Ожидаемо, что артель плотников возражать не стала, пообещав, что выполнит всё в лучшем виде, не забыв спросить помощников из числа мужиков в Александровке.
Алексашку почти сразу я отправил обратно выкупаться. У нас тут изготовление спичек пошло потоком и нужен руководитель. Самому присматривать времени нет, я же все компоненты готовлю. Ваньку начал потихоньку привлекать к этому делу, но он ещё мальчишка, за ним тоже глаз да глаз нужен.
В черновом варианте, без отделки и покраски, дачу закончили к первому июля. Тыранов к этому времени много чего успел подготовить. Даже подбить Куроедова попозировать в качестве одного из корсаров. Ксенофонт Данилович приезжал в гости, заодно узнал такую новость, что мы большую картину заказали. Загорелся идей и уже через две недели откуда-то приволок к Александровке старую баржу. Она и будет имитировать пиратский корабль.
Тыранов немного поворчал на тему того, что море он видел только Балтийское. С натуры его не писал, зимние карандашные наброски не в счёт.
— Маринистов ещё нет. Где живёт и чем занимается Айвазовский, я не в курсе, да нам он и не нужен, поищи у себя на ноутбуке какие-нибудь картинки с морскими видами. Я Тыранову попробую их скопировать, — предложил Лёшка.
— Боюсь, что мой ноут уже не включится. В прошлый раз так и не зарядился от солнечной батареи. Что-то с кабелем, но я поищу фото морей в книгах.
Художественной литературы у меня не было, зато имелся огромный кулинарный том с цветными фотографиями. Я точно помнил, что в разделе с рыбными блюдами была картинка с морским видом. Её я вскоре и отыскал.
То, что на переднем плане край стола с омаром, художника не должно смущать. Пусть на небо и море смотрит. Листок я аккуратно вырезал. Затем еще приклеил на бумагу, чтобы не было видно текст с обратной стороны и в таком виде понёс показывать «ксилографию» Тыранову. Лишних вопросов он задавать не стал и за день неплохой морской этюд изобразил.
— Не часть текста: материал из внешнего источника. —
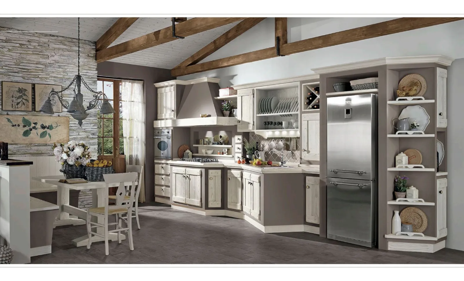 Scegli la cucina in muratura Anita Bianco Anticato: le cucine Lube in linea sono garanzia di qualità, design e contenuto estetico.

Постепенно Лёшкина авантюра увлекла меня с головой. Семья, жена и сын, это, конечно, хорошо. Но Максимка еще слишком маленький для каких-то интеллектуальных занятий, а с Лизой у нас не так много общих интересов. Её увлечение растительной аптекой я поддерживал, хотя сам предпочитал больше времени проводить в мужской компании в Александровке. У нас там целый клуб по интересам образовался.
Всех подростков, что крутились рядом, я не гнал, а, напротив, приглашал на вечерние посиделки у костра. Мы там всякие истории рассказывали. И пусть Стивенсон ещё не написал свой «Остров сокровищ», это не мешало нам его пересказать, а потом и другие истории соответствующей тематики для вдохновения художника романтикой морей.
Лёшка даже свою гитару приволок. Играл он на ней не виртуозно, но аккомпанировать себе, как «в флибустьерском дальнем синем море бригантина поднимает паруса», вполне мог.
— На Груше[4] два раза был, — делился он прошлыми воспоминаниями. — Люблю бардовские песни, пусть сам я не самый лучший певец.
Вскоре у нас всё молодое население Александровки распевало:
— Изгиб гитары желтой ты обнимешь нежно…
Ну а как иначе? Мы же попаданцы. Нам положено песни ещё неродившихся авторов петь. Да и будут ли эти песни? Ход истории мы уже подправили. Не глобально, но что-то уже поменялось.